11. GOVERNING LAW AND JURISDICTION
This Agreement shall be governed by Florida law and by the federal law, including trademark laws, of the
United States without regard to conflict of laws. Any dispute, controversy, or claim arising out of,
relating to or in connection with this Agreement, including any question regarding its existence,
validity or termination, or regarding a breach of this Agreement, shall be referred to and settled by
arbitration under and in accordance with the Rules of Arbitration of the International Chamber of
Commerce (the "ICC Rules"), as amended and in effect on the date that request for arbitration is filed.

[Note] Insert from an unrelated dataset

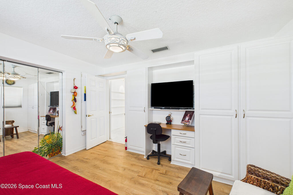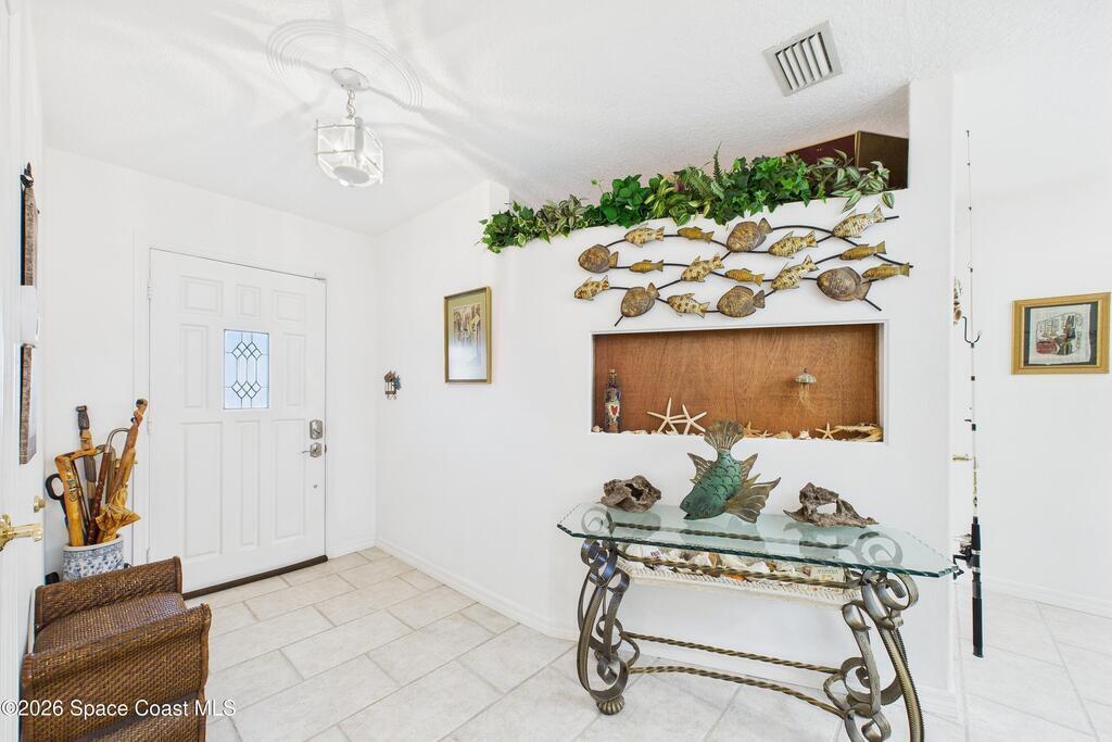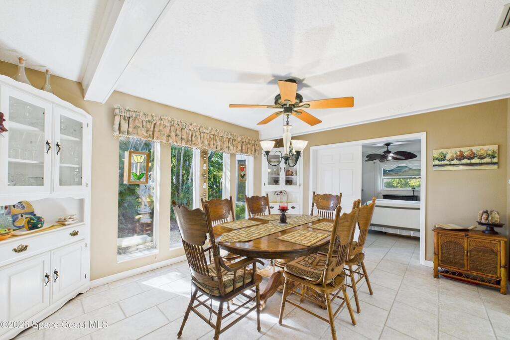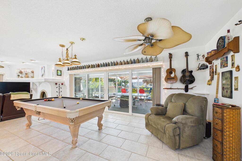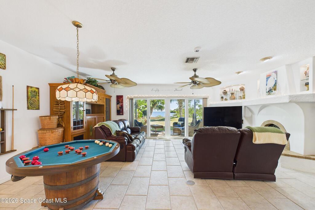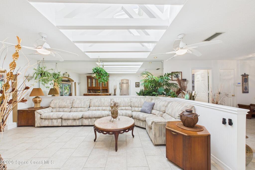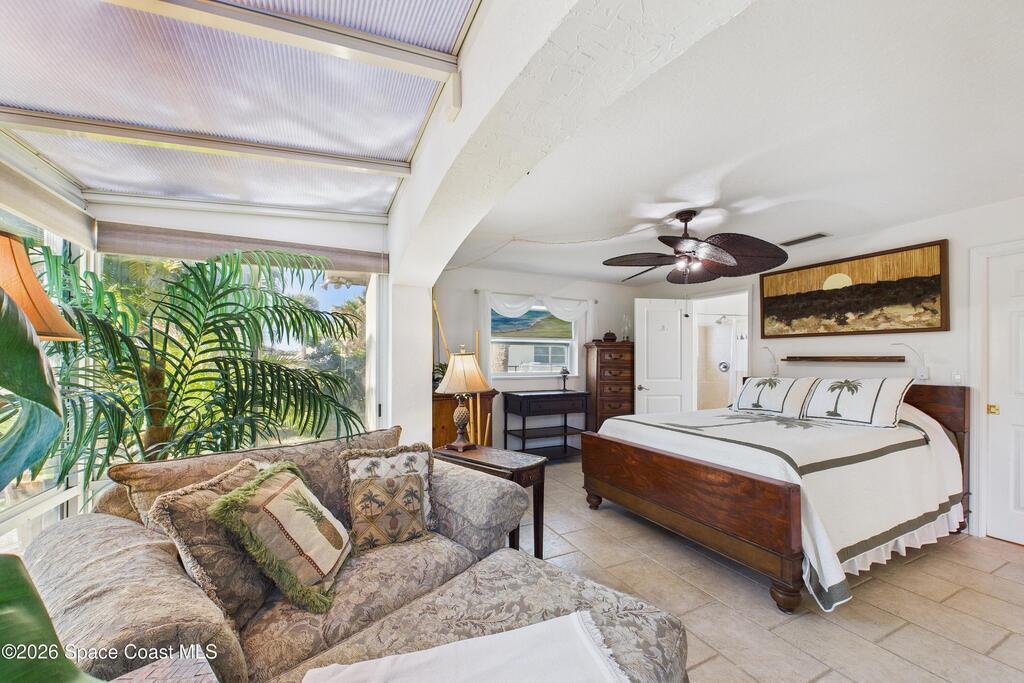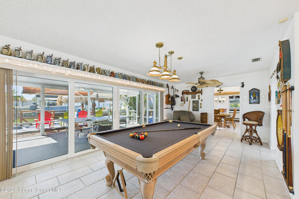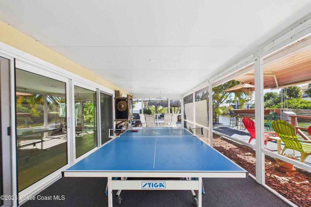 Waterfront living at its finest on an oversized lot with 224 feet of direct river and deep-water canal frontage offer breathtaking River views. This 3-bedroom, 2-bath home offers two additional bonus rooms, currently used as an art studio and home gym, providing flex space for work, creativity, guests or open it all up. Enjoy daily waterfront beauty with the ability to watch rocket launches and cruise ships from your own backyard, with nearby Port Canaveral. The primary features a full window solarium sitting area, perfect for taking in canal scenery. Boaters will appreciate two boat lifts with ample dock space. The property also offers Accordion shutters and impact sliders for added storm protection and peace of mind. extra parking for boats, RVs, or trailers, complete with RV water and electrical hookups for easy plug-and-play convenience. This is a rare opportunity to own a versatile, well-positioned waterfront home with unmatched views, storage, and lifestyle amenities.

Each party hereto consents to such arbitration as the sole and exclusive method of resolving any such
dispute. Notwithstanding the foregoing, nothing in this Agreement shall prevent either party from
seeking provisional measures (including requests for injunctive relief) from any court of competent
jurisdiction, and any such request shall not be deemed incompatible with the agreement to arbitrate or a
waiver of the right to arbitrate. The arbitration proceeding will take place in Miami, Florida and be
conducted in the English language. The arbitration will consist of one (1) arbitrator appointed by the
International Court of Arbitration pursuant to the ICC Rules. The arbitrator shall award to the
prevailing party, if any, as determined by the arbitrators, its costs and expenses, including attorneys'
fees. The award of the arbitrator shall be final and binding on the parties thereto. Judgment upon any
arbitral award rendered may be entered and a confirmation order sought in any court having jurisdiction
thereof. For purposes of any proceeding to enforce this arbitration agreement, for provisional measures
or to enforce or confirm an award of the arbitrator, each party hereby expressly submits to the
non-exclusive jurisdiction of the courts of the State of Florida.
EACH PARTY HEREBY KNOWINGLY, VOLUNTARILY, AND INTENTIONALLY WAIVES ANY RIGHTS IT MAY HAVE TO A TRIAL BY
JURY IN RESPECT OF ANY SUCH ACTION OR PROCEEDING.